O Serenata de Amor é daquelas paixões que nasceram aqui no Espírito Santo, mas ganharam o Brasil. Para muitos, é a primeira imagem que vem à mente quando se fala em bombom. Ele e seu principal concorrente, o Sonho de Valsa, contudo, passaram por transformações que vão além do que se imagina.
Ao longo do tempo, foram muitas mudanças, algumas envolvendo a troca de embalagem. Mas a alteração que mais causa estranheza tem a ver com o tipo de produto: deixaram de ser bombons.

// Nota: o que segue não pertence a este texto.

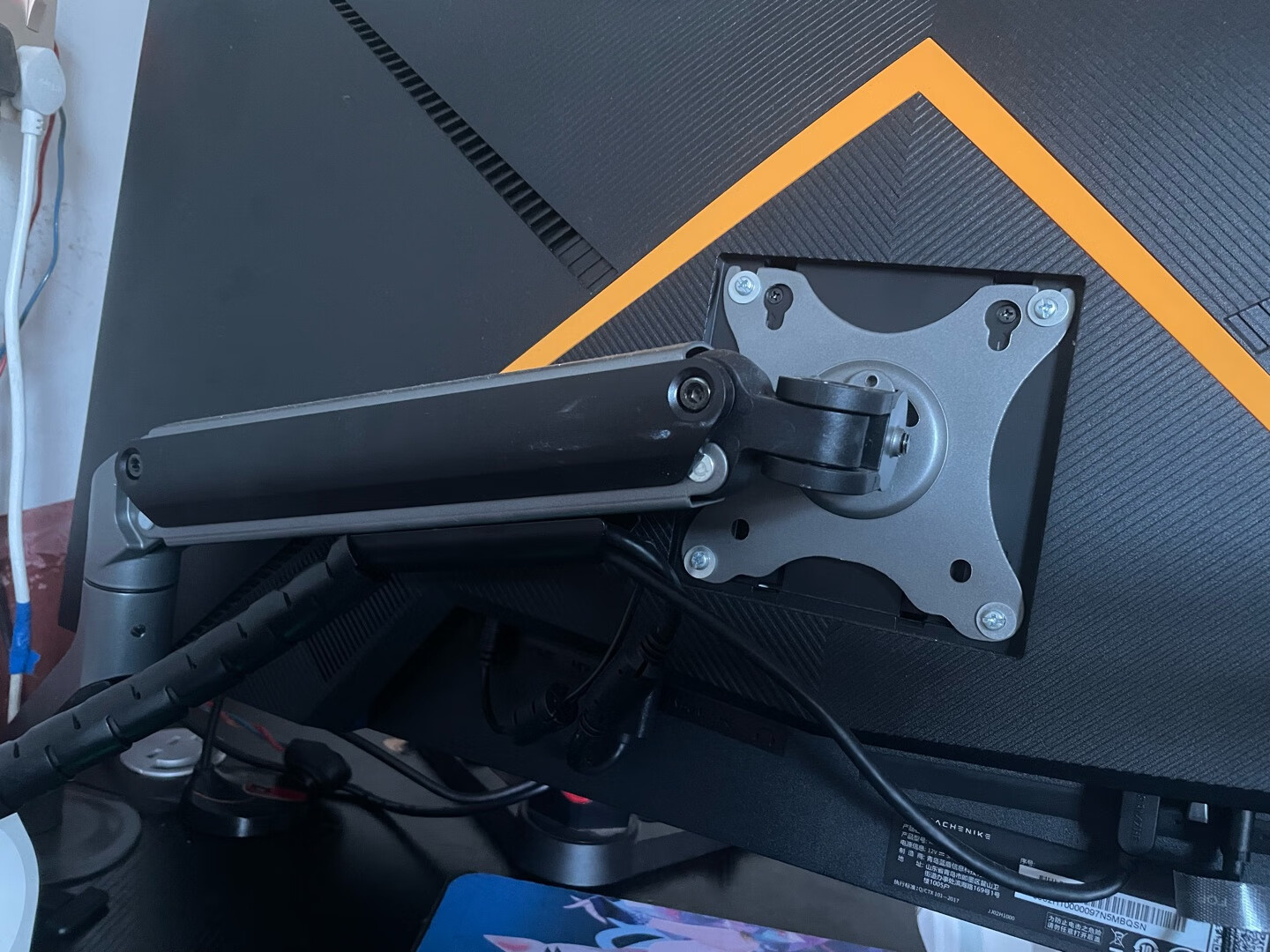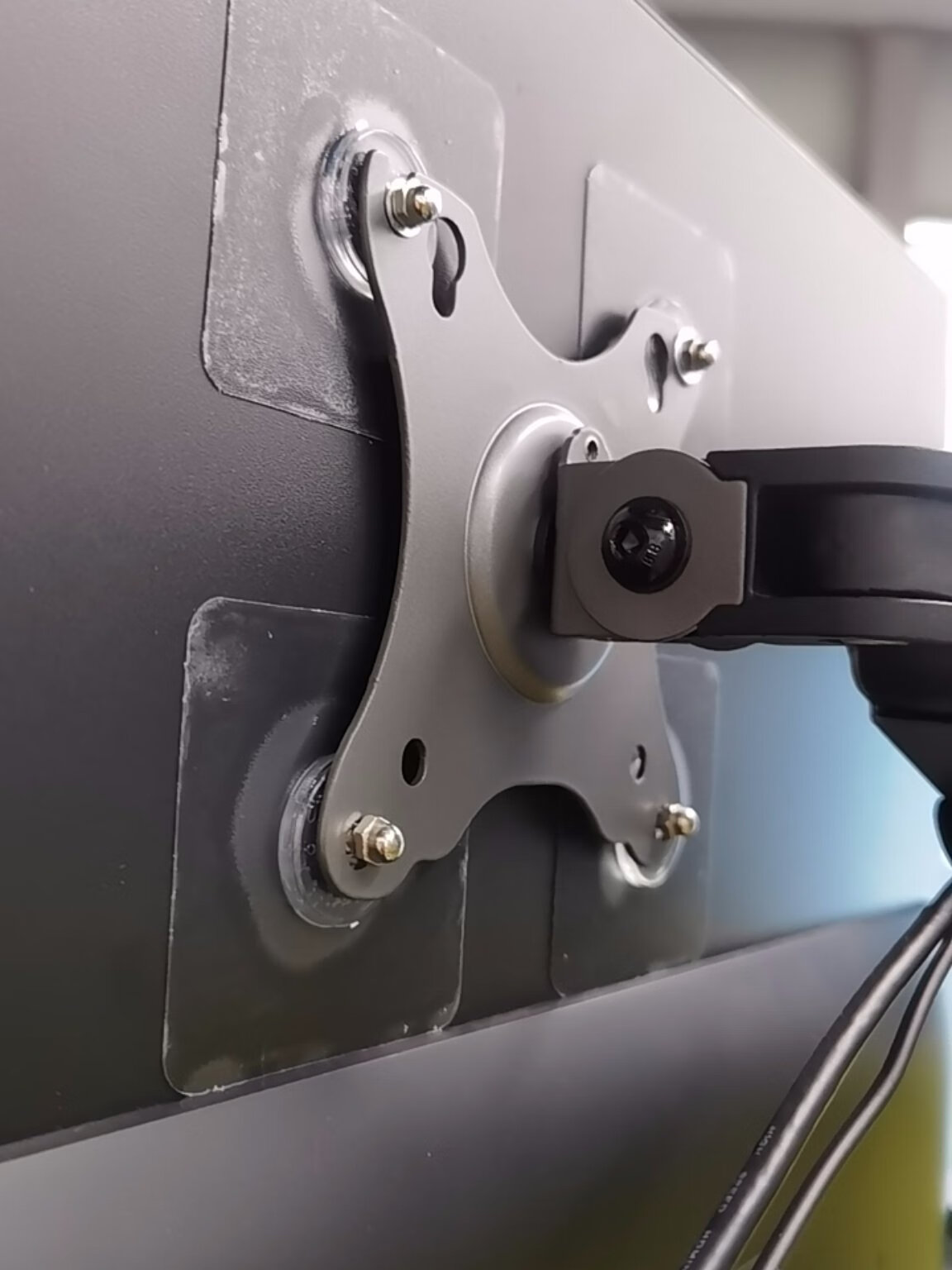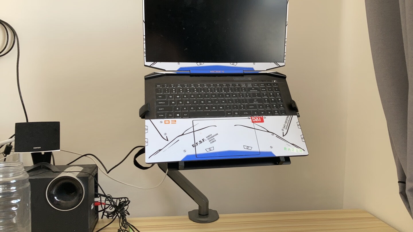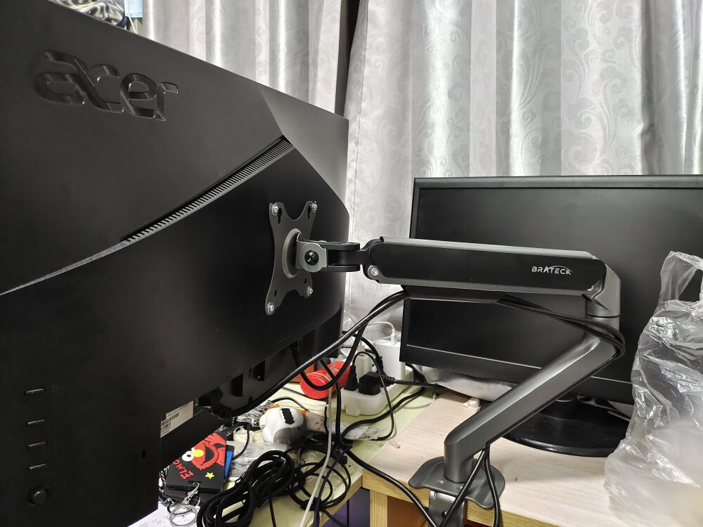 穷人,换不起带VESA孔的显示器,咋办呢?无痕钉??这个支架,阻尼感很好,颜值也高。安装方便。还来不及收拾施工现场?好评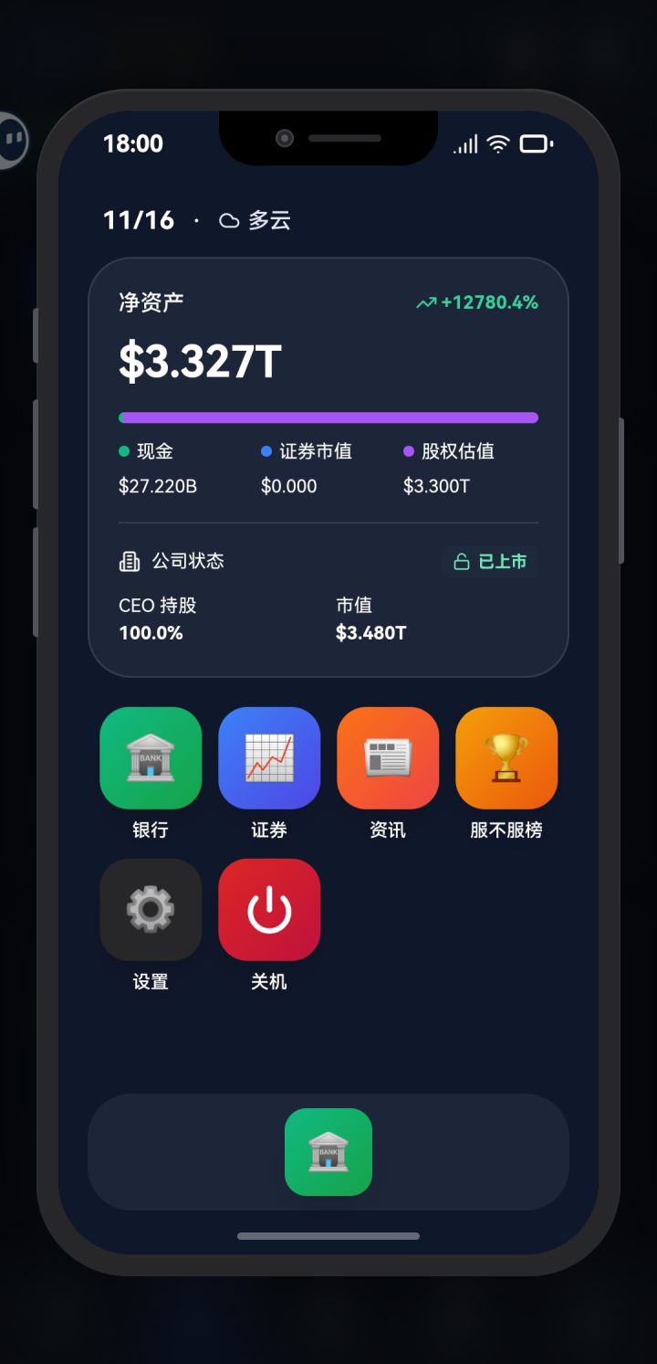 v0.1.4 版本正在审核中,即将发布,具体更新内容如下:1. 市场部初步建设,解放双手2. 追加新型设备,产能暴涨3. 优化提升良率和运行工程晶圆的体验4. 重做订单谈判+影响力,增加生产前提示5. 增强设备兼容性(部分之前无法游玩的设备,主要出现于 Android8/9/10等)6. 修复不兼容设备的显示效果问题(显示灰白色块等)7. 修复设备卖出/维护的问题8. 修复产能、自

A reportagem de A Gazeta analisou uma imagem da embalagem antiga do Serenata, onde é possível ver escrito “bombom” na descrição. Já a versão mais atual vem com a informação de que a guloseima se trata de um "wafer", que é um tipo de biscoito com massa fina.
O que levou as empresas a mudarem a descrição dos produtos? As empresas não esclarecem o que motivou as alterações, mas a resposta pode não ter nada a ver com os bombons (ou wafers), e sim com os impostos sobre eles.
Enquanto chocolates e produtos fabricados com ele estão sujeitos à alíquota de 5% do Imposto sobre Produtos Industrializados (IPI), o wafer paga 0% dessa tributação. Essa simples mudança na classificação do produto tem um potencial enorme de gerar economia para os cofres das indústrias.
Segundo a advogada tributarista Sâmara Gomes, temos um dos sistemas tributários mais complexos do mundo. Por um lado, isso é um entrave para o desenvolvimento dos negócios. Por outro, é possível se aproveitar dessa complexidade para reduzir a carga tributária.
Ela explica que, provavelmente, essas transformações feitas tanto pela Garoto quanto pela Lacta são frutos de um trabalho chamado planejamento tributário. “Muitas vezes, uma empresa paga um valor maior de imposto por não conhecer a composição do produto”, disse. “O imposto está nos detalhes. Mudando poucas coisas em um produto, é possível gerar economia para as empresas”.
A advogada explica que esse processo está dentro da lei. Contudo essas mudanças são fiscalizadas pela Receita Federal e a empresa deve explicá-las e, se necessário, apresentar uma defesa.
Sâmara lembrou que esse trabalho ajuda as companhias a potencializarem os lucros. “Uma despesa menor com tributos representa maior margem de lucro e maior competitividade”.
De acordo com a especialista, é necessário uma série de procedimentos sobre as operações ou produtos para mudar o impacto tributário sem infringir a legislação. "Não é um processo simples. Demanda um estudo mais aprofundado já que, em algumas alterações, existe uma linha tênue entre planejamento e uma sonegação fiscal”, frisou.
A Gazeta entrou em contato com a assessoria de imprensa da Nestlé, responsável pela Garoto, que se manifestou por meio de uma nota. A reportagem fez uma série de questionamentos, entre esses estão quando ocorreu a mudança de bombom para wafer e a inclusão da informação "cobertura sabor chocolate" na embalagem. A empresa informou, no entanto, que cumpre as normas.
"A Chocolates Garoto esclarece que as alterações nas receitas de seu portfólio cumprem com todas as normas estabelecidas pela legislação para a indústria alimentícia. Além disso, reforça que preza pela utilização de ingredientes e insumos de alto nível para entregar produtos de qualidade para o consumidor".
No site da empresa, a imagem do Serenata estampa a categoria “Wafer” de produtos. Contudo, na descrição do produto no site a alcunha usada é de bombom. Não está claro, no entanto, quando ocorreu a transição.
Onde constam as informações do produto na embalagem, como o Serenata é chamado também mudou. Na versão mais antiga, ainda com as pontas torcidas, ficava claro que se tratava de um “bombom recheado com creme castanha de caju”. Já na versão repaginada, o produto é descrito como “wafer recheado com creme de castanha de caju, sabor chocolate.”
O Sonho de Valsa também passou por essas alterações: mudança de embalagem, a troca de “bombom” para “wafer” e a cobertura “sabor chocolate”. A Mondelēz, dona de várias marcas de doces e chocolates, incluindo a Lacta, disse o seguinte em nota:
“A Mondelez International esclarece o enquadramento do produto foi feito com base em parâmetros técnicos devidamente embasados na RDC N° 263, de 22 de setembro de 2005.”
Para um produto ser considerado chocolate, precisa ter uma porcentagem mínima de cacau na composição. Atualmente, essa porcentagem é de 25%, como descrito na Resolução de Diretoria Colegiada (RDC) N° 264, de setembro de 2005, da Anvisa. Na nova embalagem do Serenata é descrito que o produto tem uma cobertura “sabor chocolate” e que contém cacau na fórmula. Questionada, a Garoto informou que o produto está dentro das normas técnicas.
Com a colaboração da repórter Natália Bourguignon.